Last week, 21st Century Fox and News Corp announced that they have reached a non-binding agreement with Silverstein Properties (SPI) to locate each Company’s corporate headquarters at a new building to be developed by SPI at 200 Greenwich Street/2 World Trade Center and yesterday the first look at what that new project may look like was granted.
First reported by Wired, Bjarke Ingels, founding partner of BIG commented on the renderings.
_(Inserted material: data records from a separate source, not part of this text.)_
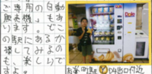
有楽町駅⑤4出口付近

2011年11月に東京メトロの東京駅に設置されてから好評で2013年3月から、たまたま池山玉駅⑩と有楽町駅⑤に新たに設置されました。おなじ人は利用したことありますか？今回も買ってみました。持ち主に便利ならバナナ、プを買って食べたところでもおいしか、たです。手軽に買えるのでおやつなどに利用してみたいかたがたしょうか。自販機右側にはごみ投入口がついていて上が袋用で下がバナナの皮用です。その場で食べた場合は、そちらに分別して捨てましょう。メトロでは「カッターン」専用の自動販売機もあります。どこかの駅にあるかた探してみよう。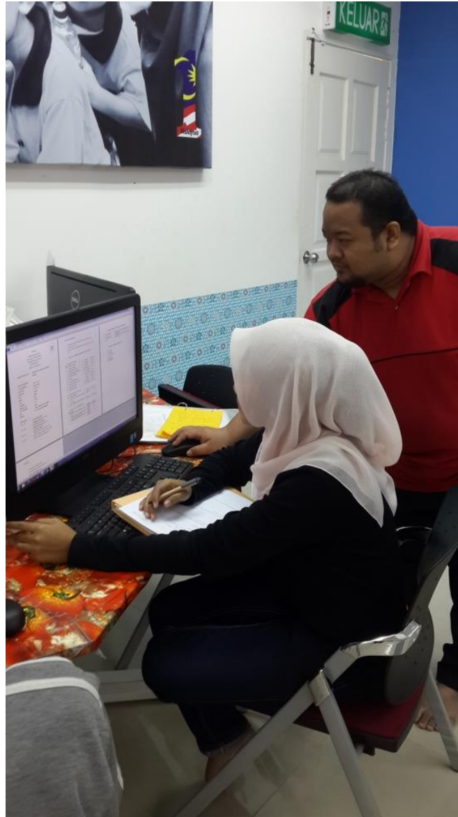
Caption : Petugas Pi1M membantu membina resume yang baik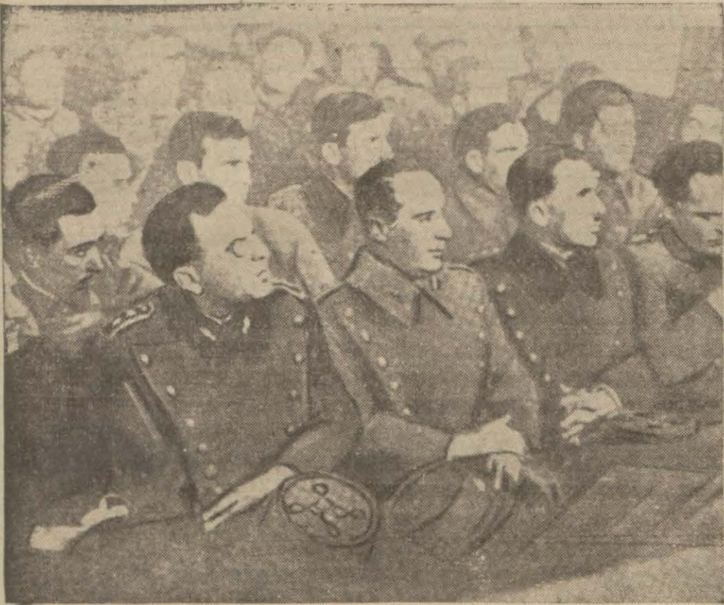
Asi zabıtlardan bir kısmı Divanı harb huzurunda

İsyan hareketini idare eden reislerin bütün tertibatı, plânları meydana çıktı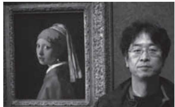
写真2 フェルメールの青いターバンの少女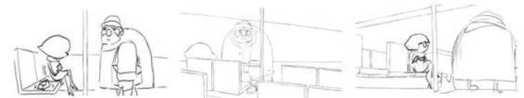
Слика 3: пример сториборда

Важан део будућег анимираниог филма јесте сториборд (енгл. storyboard), који представља серију цртежа са јасно представљеним појединачним кадровима филма (осмишљени планови, композиција, покрет камере, резови и сл.) и кратким описом онога што се у сваком од њих дешава. Сториборд стварају уметници/це који/е се професионално баве анимацијом и који/е су такође део тима укљученог у реализацију пројекта.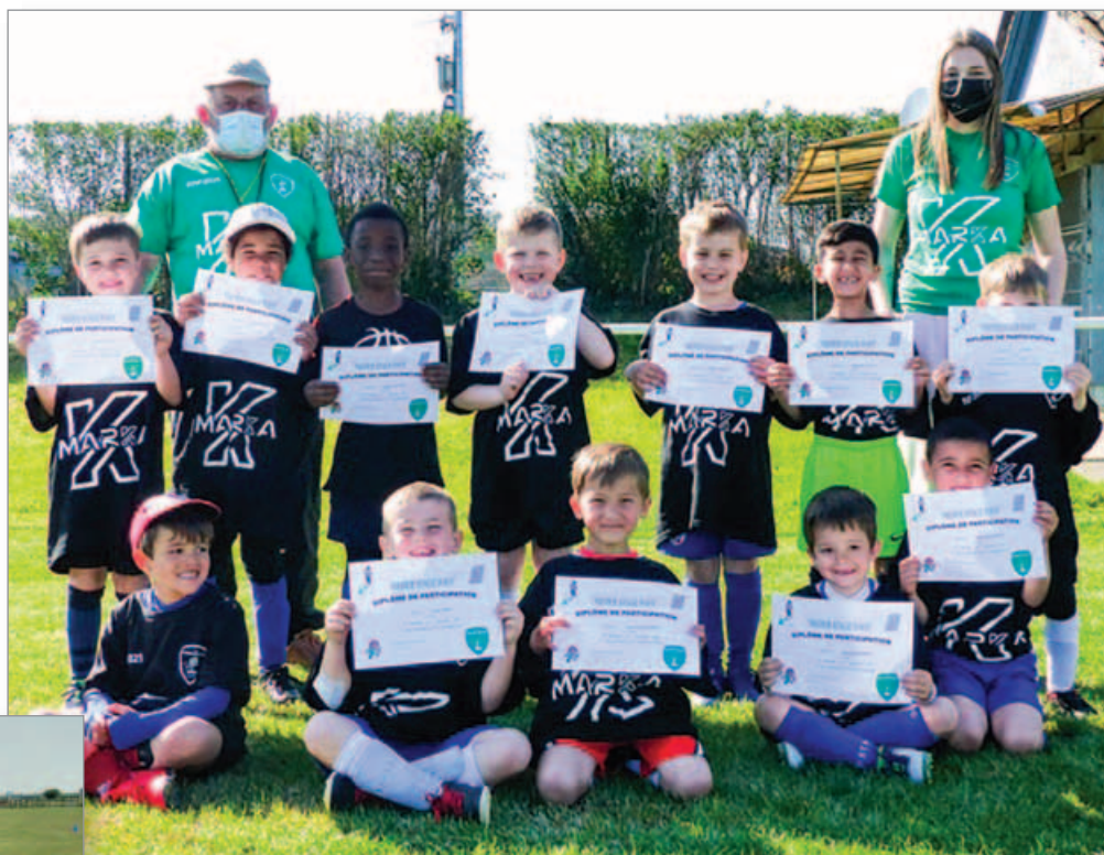
Tous les participants au Nieder Stage Foot ont reçu en cadeau un tee-shirt et un diplôme (ici les U7)

L'amélioration de la situation sanitaire au printemps a permis au FC Niederhausbergen d'organiser quelques événements toujours dans le strict respect des règles sanitaires. Ainsi, le FCN a réussi à adapter son traditionnel Nieder Stage Foot et a accueilli une quarantaine de jeunes durant une semaine pendant les vacances de Pâques. De plus, depuis la mi-mai, des journées découvertes sont proposées pour les jeunes afin de préparer la prochaine saison. Les 11, 12 et 13 juin, suite à l'autorisation des sports de contact en plein air, le club a même pu accueillir des rencontres amicales des U7 aux super-vétérans et proposer rafraîchissements et petite restauration aux spectateurs retrouvant ainsi les moments conviviaux qui ont tant manqué à tous.

“The completion of the World Trade Center will restore the majestic skyline of Manhattan and unite the streetscapes of TriBeCa with the towers Downtown,” said Ingels. “To complete this urban reunification we propose a tower that will feel equally at home in TriBeCa and the World Trade Center. From TriBeCa, the home of lofts and roof gardens, it will appear like a vertical village of singular buildings stacked on top of each other to create parks and plazas in the sky. From the World Trade Center, the individual towers will appear unified, completing the colonnade of towers framing the 9/11 Memorial. Horizontal meets vertical. Diversity becomes unity.”
According to a joint statement from 21st Century Fox and News Corp, Ingels’ tower will house studios, newsrooms and teams from across both Companies’ businesses.
The new headquarters would provide 21st Century Fox and News Corp with a range of efficiencies as well as the flexibility for future growth,while helping cement Lower Manhattan as a dynamic new hub for media.
“This is a great milestone in the historic effort to rebuild the World Trade Center,” said chairman of Silverstein properties, Larry A. Silverstein.“2 World Trade Center is the final tower planned for the 16-acre site, and when it is done, the Lower Manhattan skyline will be fully and beautifully restored. For all New Yorkers who never gave up on Downtown, this makes good on our pledge to see the rebuilding through, and gives me a tremendous sense of pride.
“A decision by 21st Century Fox and News Corp to move to the new World Trade Center would cap a seismic shift that has taken place in Lower Manhattan over the past decade,” Silverstein continued. “
This isn’t your grandfather’s Wall Street. While still the international capital of finance, Lower Manhattan has also remade itself into the new media and entertainment capital of America. The area south of Chambers Street now boasts over 800 TAMI (Technology, Advertising, Media, Information) companies, ranging from scores of smaller, ambitious tech start-ups to media companies like Time Inc., Condé Nast and HarperCollins to cutting edge advertising and branding firms like Droga5, Group M and MediaMath.”
Silverstein also pointed to the changing landscape of lower Manhattan while commenting on the new addition to the rebuilt World Trade Center.
“Downtown has also been transformed into the country’s most dynamic live-work urban community – home to over 60,000 people, some of the best schools, parks, shops and tourist attractions in the City.”